# WORK REQUEST:
The required answer is the run of lines from the one holding "A vibrant night" to the end of the data below, copied exactly and free of pictures.

[Opening RECORD SET section]

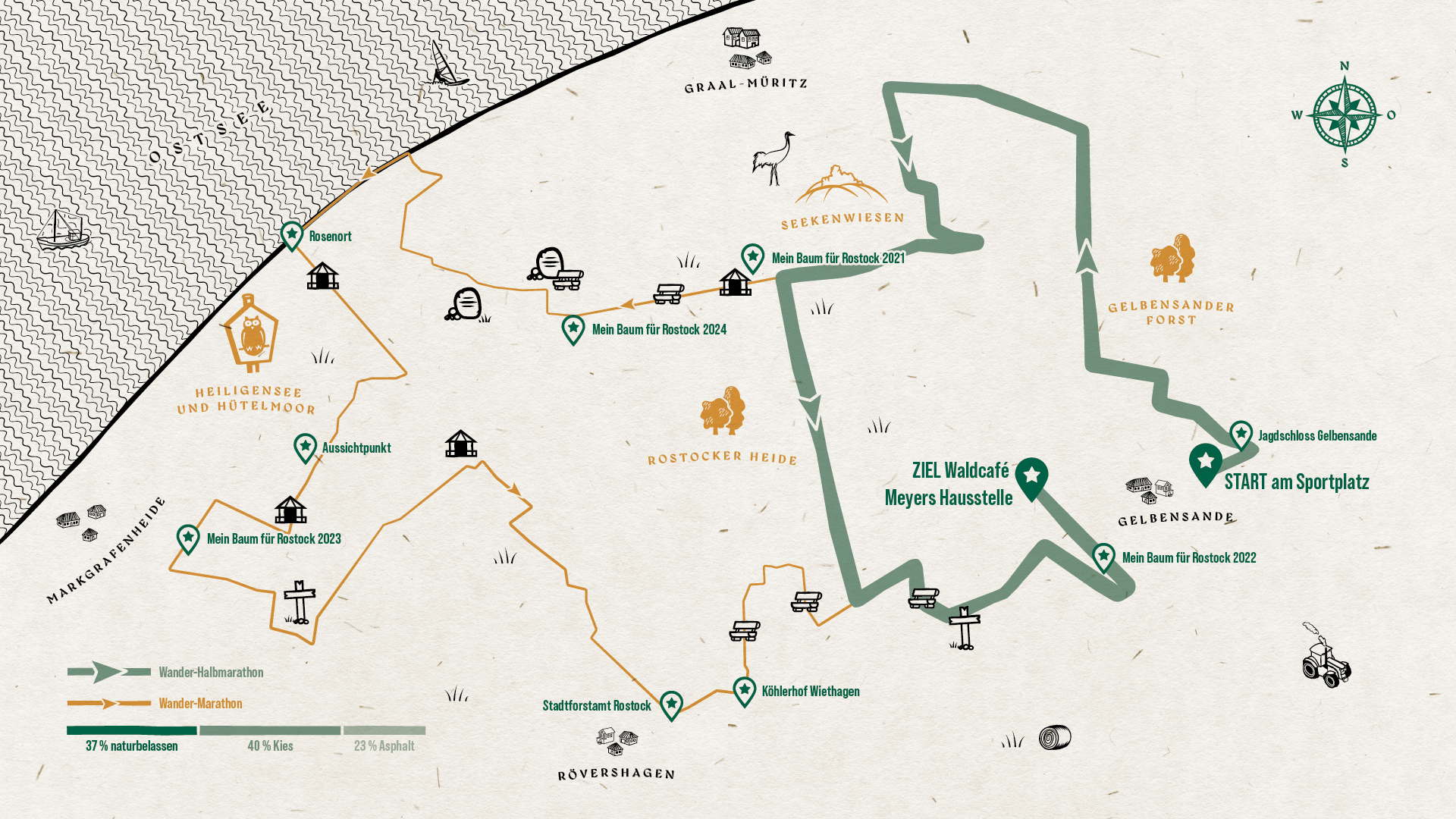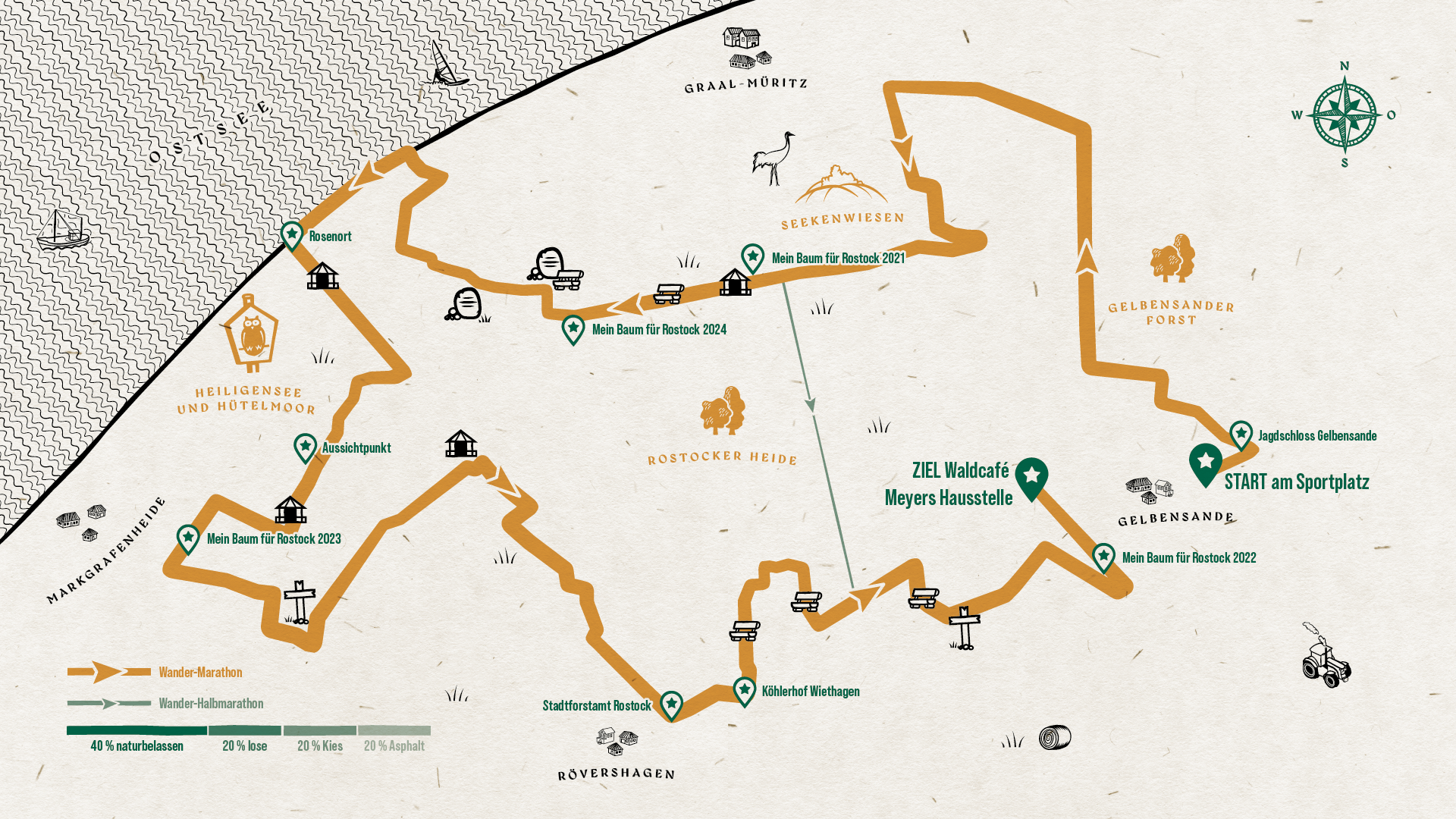 Ja, es ist ein echter Marathon. Die 42,2 km starten am Sportplatz in Gelbensande. Nach wenigen Augenblicken bist du am Jagdschloss Gelbensande. Leider bleibt keine Zeit, sich diesen Ort näher anzuschauen. Es geht munter weiter in Richtung Nordwest. Hier erlebst du die Rostocker Heide, wie sie ursprünglicher kaum sein kann. Noch vor Graal-Müritz bzw. Torfbrücke geht es in südlicher Richtung vorbei an den „Seekenwiesen“. Ein echter Hotspot für die Tierwelt. Bevor du fast 1/3 der Strecke geschafft hast, kommst du an der 1. Pflanzstelle der Aktion „Mein Baum für Rostock“ vorbei. Hier haben 2021 hunderte Freiwillige auf 1,5 Hektar mit uns einen neuen Wald gepflanzt. Der erste offizielle Check-Point ist geschafft. Es ist Zeit für eine kleine Stärkung. Nach einigen Kilometern westwärts richtet sich der Kurs jetzt wieder auf Nordwest. Ziel für diesen Abschnitt ist die Ostseeküste bei Torfbrücke. Am Strand entlang geht es bis nach Rosenort. Wer die Augen offen hält, kann mitunter Badenixen oder Robben entdecken. Der Weg vorbei am Heiligensee und dem Hütelmoor ist sagenumwoben. Du hast leider keine Zeit für einen Ausflug in die Märchenwelt. Bei ca. 2/3 des Weges heißt es jetzt, gut zu Fuß zu sein. Vorbei geht es an weiteren Baumpflanzstellen, einer Pilzfarm und „Brandt’s Kreuz“. Eine Sage berichtet von einem Jäger aus dem 17. Jahrhundert … Leider musst du weiter. Flink geht es über die Landstraße nördlich von Hinrichshagen. Fast fliegen die Kilometer an dir vorbei. Das Forstamt kommt in Sicht, der historische Köhlerhof wird passiert. Kleine Häuser entlang der Strecke sagen dir, jetzt ist es nicht mehr weit. Für den letzten Streckenabschnitt ist Motivation alles. Der Zielort „Meyers Hausstelle“ ist ein uriges Waldrestaurant mit guter Küche. Was für eine tolle Aussicht. Das Ziel rückt immer näher. Die letzten 3 km müssen einfach noch geschafft werden. Und dann steht die Marke bei 42,2 km. Marathon geschafft. Du bist ein Heide Hiking Champion.
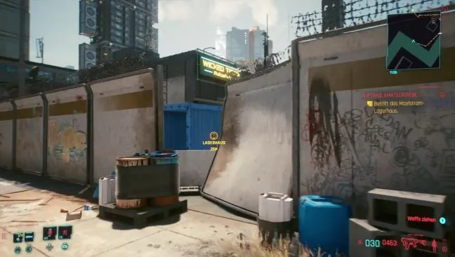 Вы ищете базу данных и должны найти склад Maelstrom. Не обращайте внимания на главный вход с северо-западной стороны и вместо этого ищите разрушенную стену с северо-восточной стороны, через которую можно проникнуть внутрь. Вам также следует пересечь открытый синий контейнер, чтобы защититься от расставленных охранников.
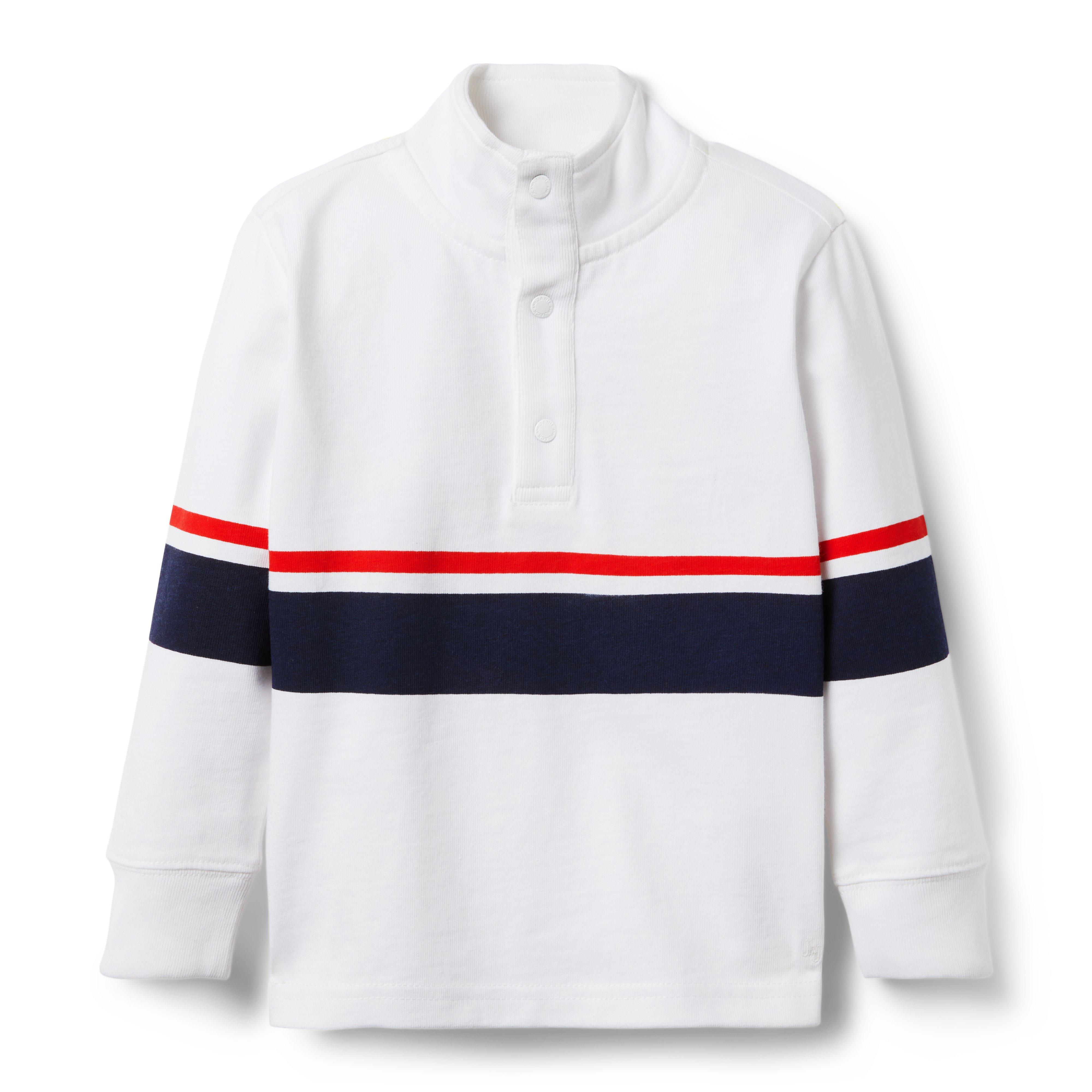 The perfect choice for just about any occasion, this classic pullover has a mock neck and a half-snap design. Made in soft cotton jersey with screenprinted stripes, it looks just as good on its own as it does layered up. 100% Cotton Jersey Long Sleeve Half Snap Placket Hem Vents Machine Washable; Imported
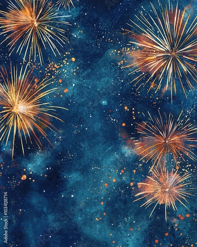 A vibrant night sky filled with colorful fireworks against a deep blue backdrop creating a festive and celebratory atmosphere
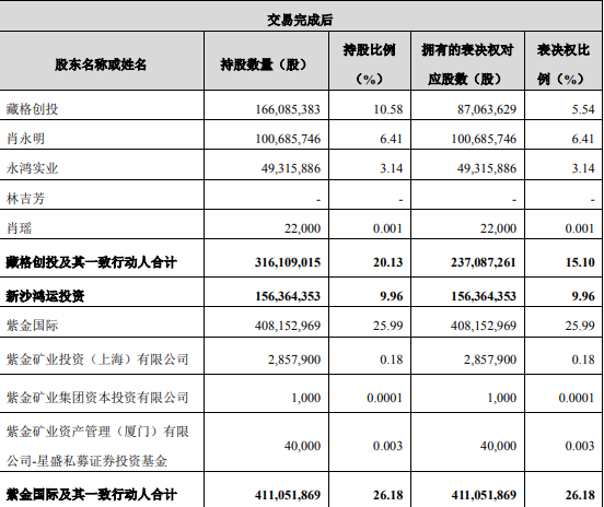 原实控人肖永明、藏格创业投资及其一致行动人,合计持有上市公司5.93亿股,股权转让完成后持股总数降至3.16亿股。由此估算,转让给紫金国际的部分股权金额达到97亿元左右。

[Closing RECORD SET section]

# ANSWER BOX:
 A vibrant night sky filled with colorful fireworks against a deep blue backdrop creating a festive and celebratory atmosphere
 原实控人肖永明、藏格创业投资及其一致行动人,合计持有上市公司5.93亿股,股权转让完成后持股总数降至3.16亿股。由此估算,转让给紫金国际的部分股权金额达到97亿元左右。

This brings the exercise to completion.